WHAT IS NEEDED
Exact wording is required: transcribe all the entries and leave the images out.
RECORDS FOR PROCESSING: Begin
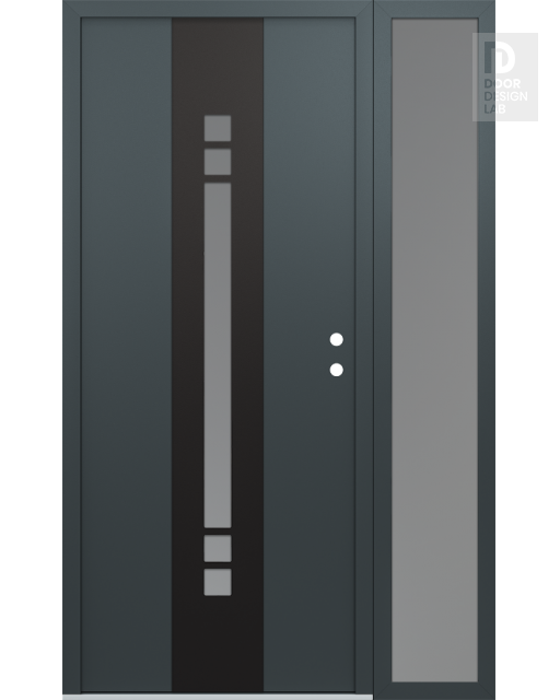 Modern Steel Front Door DIAMOND A4 52" X 80" ANTHRACITE/ANTHRACITE FROSTED GLASS PANEL BLACK RHI WITH SIDELITE FROSTED GLASS
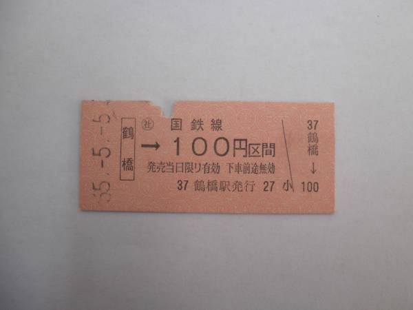 ☆硬券/国鉄/鶴橋~100円/65・5・5/7652☆
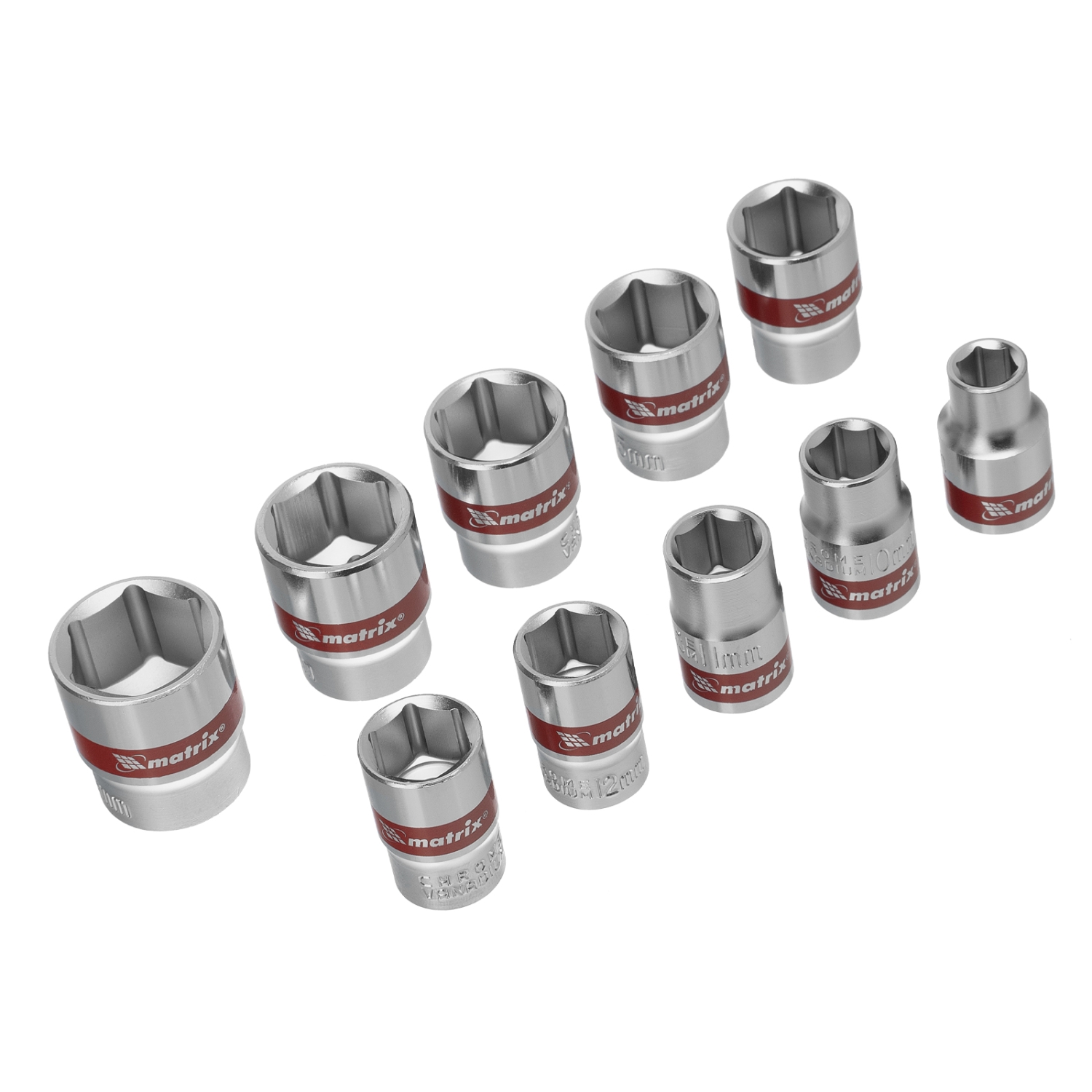 Набор торцевых головок 10 шт 3/8, 6-ти гран., 8-19мм,CrV, Matrix
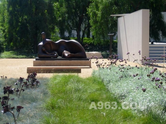 ▲白墻前面Peter Shelton的 ‘Bronzenightshirt’ 和 Henry Moore的 ‘Draped Reclining Mother and Baby’。圖片前端的植物一年四季都是茂綠的,設計主要考慮其形式和機理。
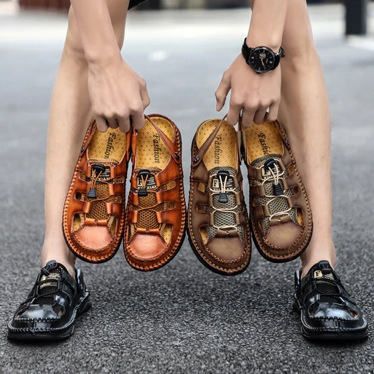 New Leather Men's Sandals Classic Roman Sandals Comfortable Casual Shoes Summer Outdoor Beach Men Flip Flop Breathable Flats
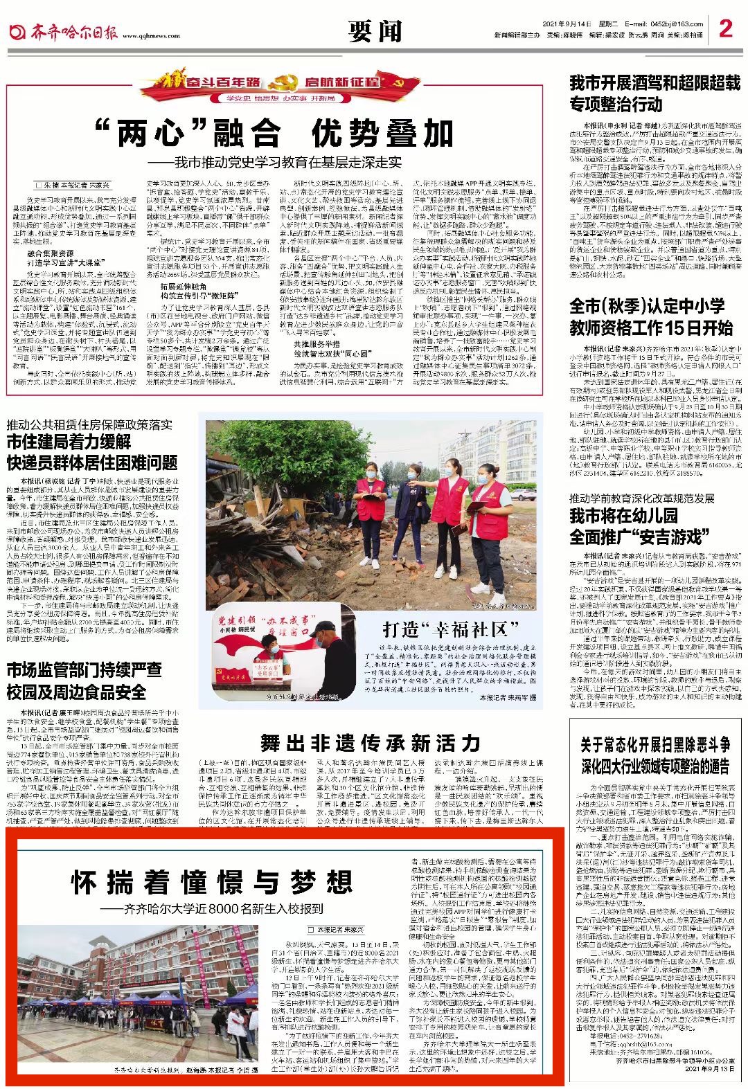 【齐齐哈尔日报】怀揣着憧憬与梦想——欧冠官方网站近8000名新生入校报道
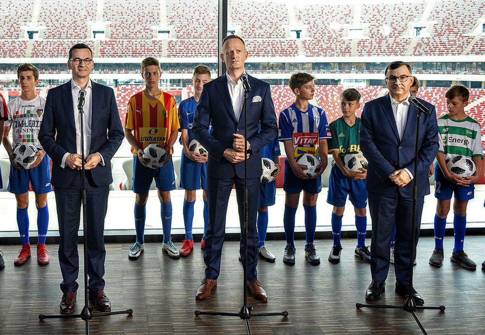 Przed polską piłką pojawiła się jednak szansa na lepszą przyszłość. Pomogą w tym pieniądze potężnych sponsorów. I to bardzo duże. Według nieoficjalnych informacji „PB”, nad wieloletnim projektem odbudowy polskiej piłki mocno pracuje kilkuosobowy zespół wspierany przez premiera Mateusza Morawieckiego. Choć sport nie jest domeną prezesa partii, to wymagane dla wszystkich dużych projektów błogosławieństwo od Jarosława Kaczyńskiego, jest. Finansowym motorem ma być Totalizator Sportowy (TS). Jest gotów wyłożyć aż 1,5 mld zł w ciągu 10 lat, z czego pierwsze 300 mln bardzo szybko — w ciągu dwóch. Za te pieniądze ma sfinansować rozwój infrastruktury i systemu szkolenia, by za kilka lat polski futbol zbierał żniwa z nowego pokolenia wytrenowanych piłkarzy. Choć piłka nożna nigdy nie była sportem nr 1 premiera (w młodości trenował tenis stołowy), to od dawna widać, że leży mu na sercu. Już w maju z jego inicjatywy zwołany został okrągły stół o piłce nożnej. W sierpniu uczestniczył natomiast w konferencji, na której ogłaszano wejście państwowego PKO BP w sponsoring Ekstraklasy.
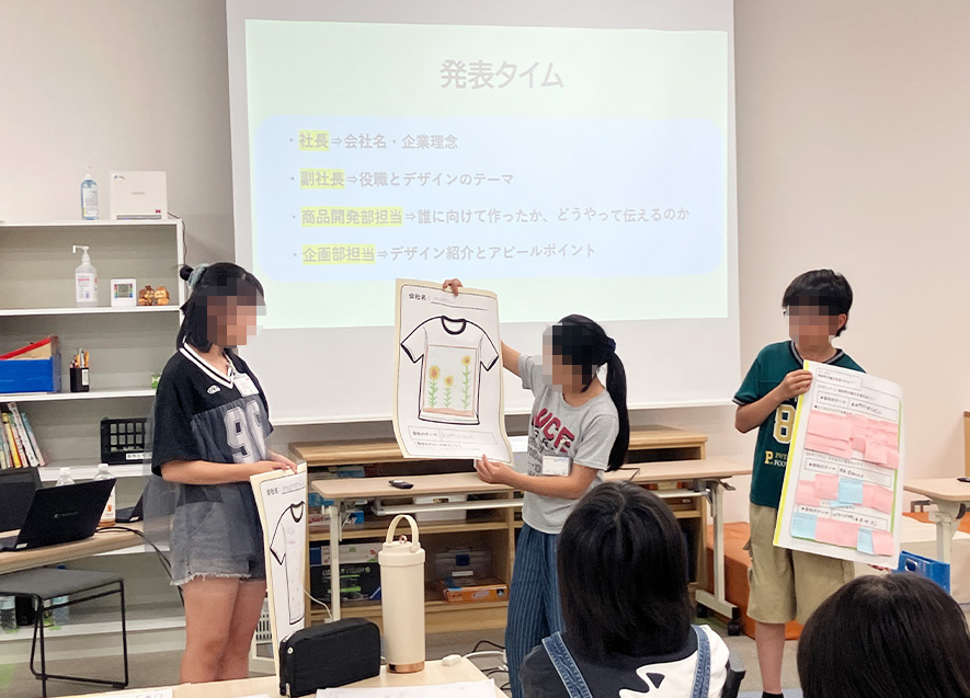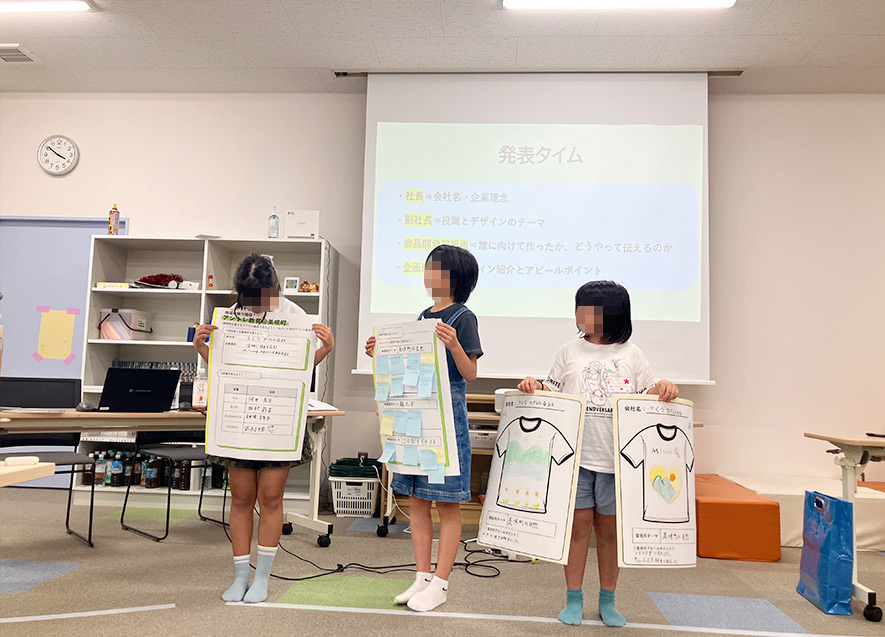 ワークショップの締めくくりとして、子どもたちが設立した会社ごとに、デザインのテーマや内容、アピールポイントなどを発表した。
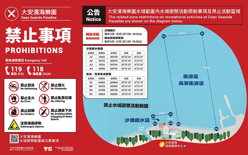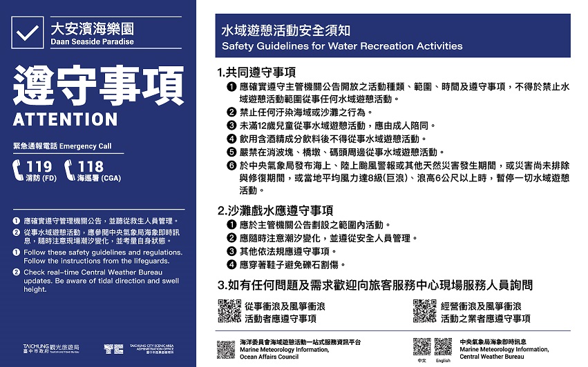 觀旅局表示,大安濱海樂園擁有全台中獨一無二的濱海沙灘,現場均有公告相關水域安全規定及豎立警告牌,並聘請合格水域救生員在旁戒護,在炎熱的暑假期間,讓遊客可以安心戲水,也請遊客務必遵守水域遊憩活動公告事項及救生員指示。
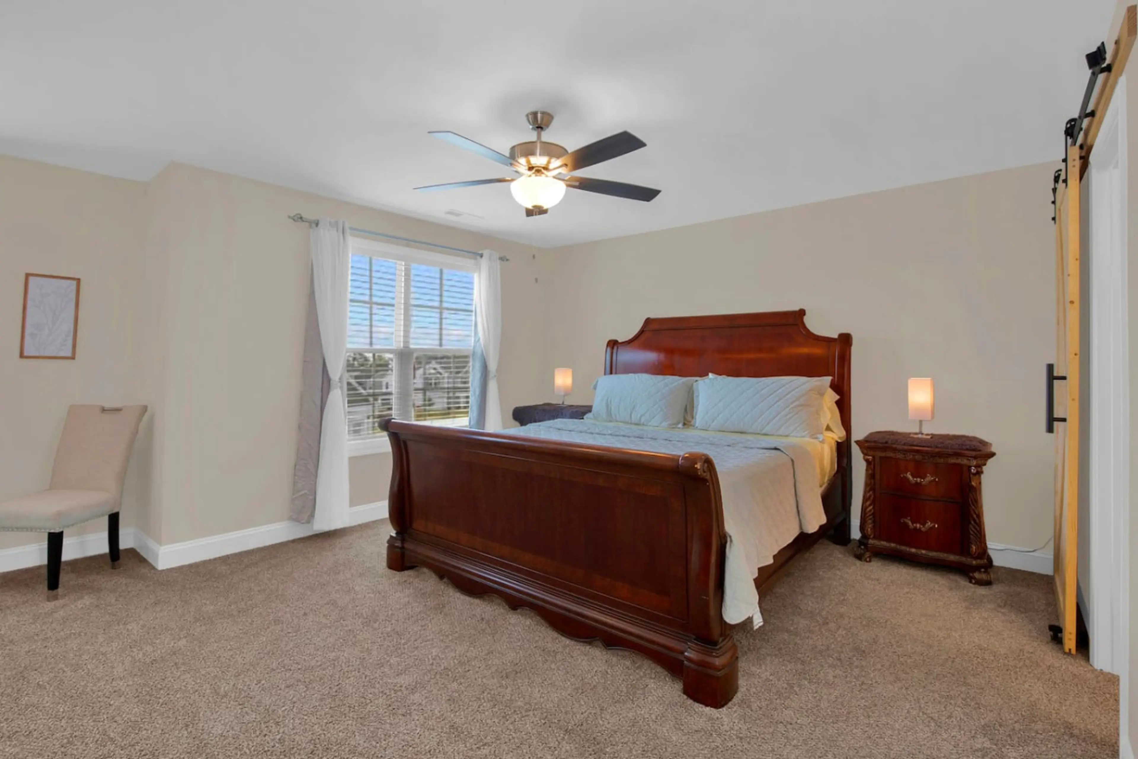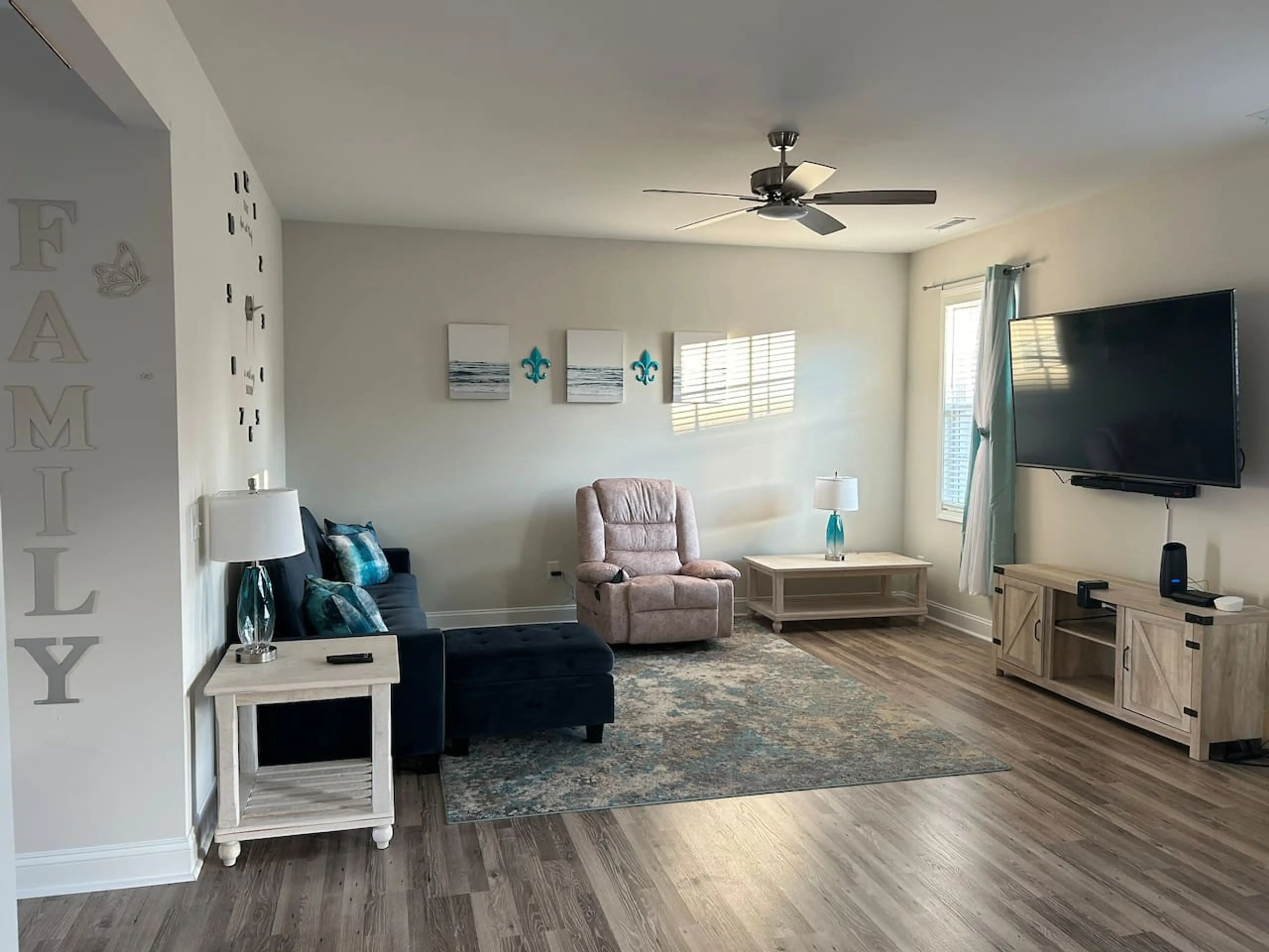 Welcome to Your Home Away From Home! This spacious 4-bedroom, 2-bathroom home comfortably accommodates 8 guests. Enjoy the open floor plan with a cozy living room featuring a 65" smart TV and plush couch. Each bedroom has its own TV, and the master boasts a king-size bed and 50" TV. The fully-e...
RECORDS FOR PROCESSING: End
SOLUTION FOR THIS TASK
 Modern Steel Front Door DIAMOND A4 52" X 80" ANTHRACITE/ANTHRACITE FROSTED GLASS PANEL BLACK RHI WITH SIDELITE FROSTED GLASS
 ☆硬券/国鉄/鶴橋~100円/65・5・5/7652☆
 Набор торцевых головок 10 шт 3/8, 6-ти гран., 8-19мм,CrV, Matrix
 ▲白墻前面Peter Shelton的 ‘Bronzenightshirt’ 和 Henry Moore的 ‘Draped Reclining Mother and Baby’。圖片前端的植物一年四季都是茂綠的,設計主要考慮其形式和機理。
 New Leather Men's Sandals Classic Roman Sandals Comfortable Casual Shoes Summer Outdoor Beach Men Flip Flop Breathable Flats
 【齐齐哈尔日报】怀揣着憧憬与梦想——欧冠官方网站近8000名新生入校报道
 Przed polską piłką pojawiła się jednak szansa na lepszą przyszłość. Pomogą w tym pieniądze potężnych sponsorów. I to bardzo duże. Według nieoficjalnych informacji „PB”, nad wieloletnim projektem odbudowy polskiej piłki mocno pracuje kilkuosobowy zespół wspierany przez premiera Mateusza Morawieckiego. Choć sport nie jest domeną prezesa partii, to wymagane dla wszystkich dużych projektów błogosławieństwo od Jarosława Kaczyńskiego, jest. Finansowym motorem ma być Totalizator Sportowy (TS). Jest gotów wyłożyć aż 1,5 mld zł w ciągu 10 lat, z czego pierwsze 300 mln bardzo szybko — w ciągu dwóch. Za te pieniądze ma sfinansować rozwój infrastruktury i systemu szkolenia, by za kilka lat polski futbol zbierał żniwa z nowego pokolenia wytrenowanych piłkarzy. Choć piłka nożna nigdy nie była sportem nr 1 premiera (w młodości trenował tenis stołowy), to od dawna widać, że leży mu na sercu. Już w maju z jego inicjatywy zwołany został okrągły stół o piłce nożnej. W sierpniu uczestniczył natomiast w konferencji, na której ogłaszano wejście państwowego PKO BP w sponsoring Ekstraklasy.
 ワークショップの締めくくりとして、子どもたちが設立した会社ごとに、デザインのテーマや内容、アピールポイントなどを発表した。
 觀旅局表示,大安濱海樂園擁有全台中獨一無二的濱海沙灘,現場均有公告相關水域安全規定及豎立警告牌,並聘請合格水域救生員在旁戒護,在炎熱的暑假期間,讓遊客可以安心戲水,也請遊客務必遵守水域遊憩活動公告事項及救生員指示。
 Welcome to Your Home Away From Home! This spacious 4-bedroom, 2-bathroom home comfortably accommodates 8 guests. Enjoy the open floor plan with a cozy living room featuring a 65" smart TV and plush couch. Each bedroom has its own TV, and the master boasts a king-size bed and 50" TV. The fully-e...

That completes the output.